Куда с большим интересом она выслушала рассказ Стефании о монастырских подземельях, каменных колодцах, в которых не раз были заключены враги мира Франкии, среди которых был и некий Тибо Пройдоха, пытавшийся властвовать над Шартром, исконно епископским городом. Аббатиса, казалось, смаковала все подробности, как Тибо Пройдоха мучился в подземелье, пока не испустил дух, и при этом выразительно поглядывала на Геновеву, которая вдруг смертельно побледнела и весь остаток дня была сама не своя и все валилось у нее из рук.
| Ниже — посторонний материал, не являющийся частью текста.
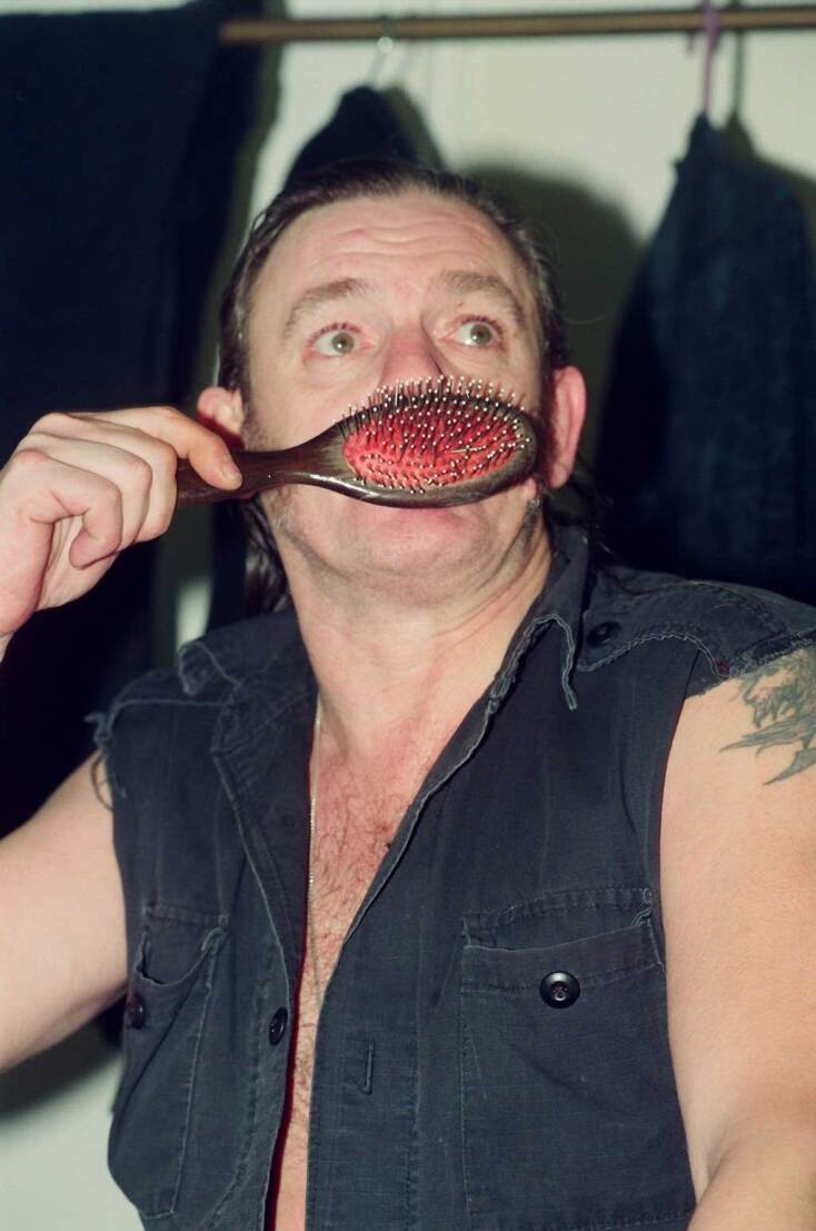Και έρχεται η ώρα για τις ομαδικές. Αφού ψάχνονται λιγάκι για το τι θα κάνουν, πού θα σταθούν, ο οπλαρχηγός κάθεται στην καρέκλα και καλεί τους άλλους δυο πιο κοντά του. Τρία-τέσσερα κλικ σε νορμάλ φάση. Όμως είχε κι άλλο ο μπαξές για μένα κείνο το βράδυ. Σε κέφια ο Campbell, μου λέει «δώσε μου μισό λεπτό αν θες», και τι κάνει; Βγάζει τα μποτάκια του, τα βάζει στο πάτωμα και γονατίζει πάνω τους, έτσι ώστε να μοιάζει με νάνο!!! Όσο για τον Lemmy… «Κάτσε» μου λέει, «θα κάνω ότι μου δίνω μια μπουνιά!». Οκέι. Σκάω στα γέλια. Πρέπει να ήμουν κόκκινος σα παντζάρι πλέον. Γαζώνω. Θυμίσω, βρισκόμαστε στην εποχή των films ακόμη και τα υπερευαίσθητα (high ISO) κόστιζαν αρκετά. Ε, και; Εσύ δεν θα γάζωνες στη θέση μου; Δώσε κι άλλο μπάρμπα!

Но сейчас, когда Эмма грелась на сентябрьском солнышке, ей не хотелось думать ни о чем мрачном. Накинув на голову длинное беленое покрывало, она медленно обходила аббатство. Все его постройки размещались внутри каменных стен и создавали впечатление тесноты благодаря многочисленным маленьким дворикам, коротким галереям, лестницам переходов. Единственным свободным местом был обширный мощенный камнем двор у ворот, а самой значительной постройкой была каменная башня королевы Бертрады. Была, правда, еще одна башня, приземистая, неуклюжая, без окон. Эмма не знала ее назначения, ибо дверь ее всегда была закрыта. За ней начинались деревянные стены хозяйственных построек — спикарий[42], скотные хлева, коптильни. В стороне от других построек располагалась кухня с пирамидальной крышей и отверстием наверху для лучшей тяги. От нее вела тропинка к небольшой калитке в стене, предназначенная для выброса мусора. Они скапливались помойной кучей внизу холма, в то время как монастырь вверху оставался в чистоте.
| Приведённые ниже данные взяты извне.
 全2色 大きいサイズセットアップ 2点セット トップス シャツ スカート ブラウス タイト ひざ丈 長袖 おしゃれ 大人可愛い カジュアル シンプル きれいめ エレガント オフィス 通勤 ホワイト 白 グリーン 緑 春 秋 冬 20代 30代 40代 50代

В один из погожих дней в начале октября в монастыре происходило торжественное пострижение в монахини. Эмма видела шествующую в церковь стройную процессию. Белица с распятьем шла впереди, несколько монахинь помахивали кадильницами, за ними тянулись приготовленные к постригу женщины — несколько пожилых и одна почти девочка, больше глазевшая по сторонам, чем думавшая о миссии невесты Христовой. Церковь вся была украшена цветами, горели свечи.
Эмма стояла в боковом приделе, наблюдая за обрядом. Монахини стояли на коленях с зажженными свечами и пели… О, как прекрасно звучала мелодия литании под каменным сводом! Эмма прикрыла глаза. Музыка. .. как давно она не пела!
Священник поднимал крест.
— По своей ли воле явились вы в святую обитель и приняли решение служить одному лишь Господу нашему? Если так, то скажите, что нет для вас иного Бога, кроме Творца нашего.
После обряда Эмму неожиданно вызвала аббатиса. Заговорила заискивающе.
— Я наблюдала за тобой во время обряда. Ты выглядела взволнованной. Не желаешь ли и ты раскаяться в своих мирских прегрешениях и принять постриг?
Эмма поглядела на нее удивленно.
— Неужели вы думаете, что такая «нормандская шлюха», как я, станет достойным приобретением для вашей обители?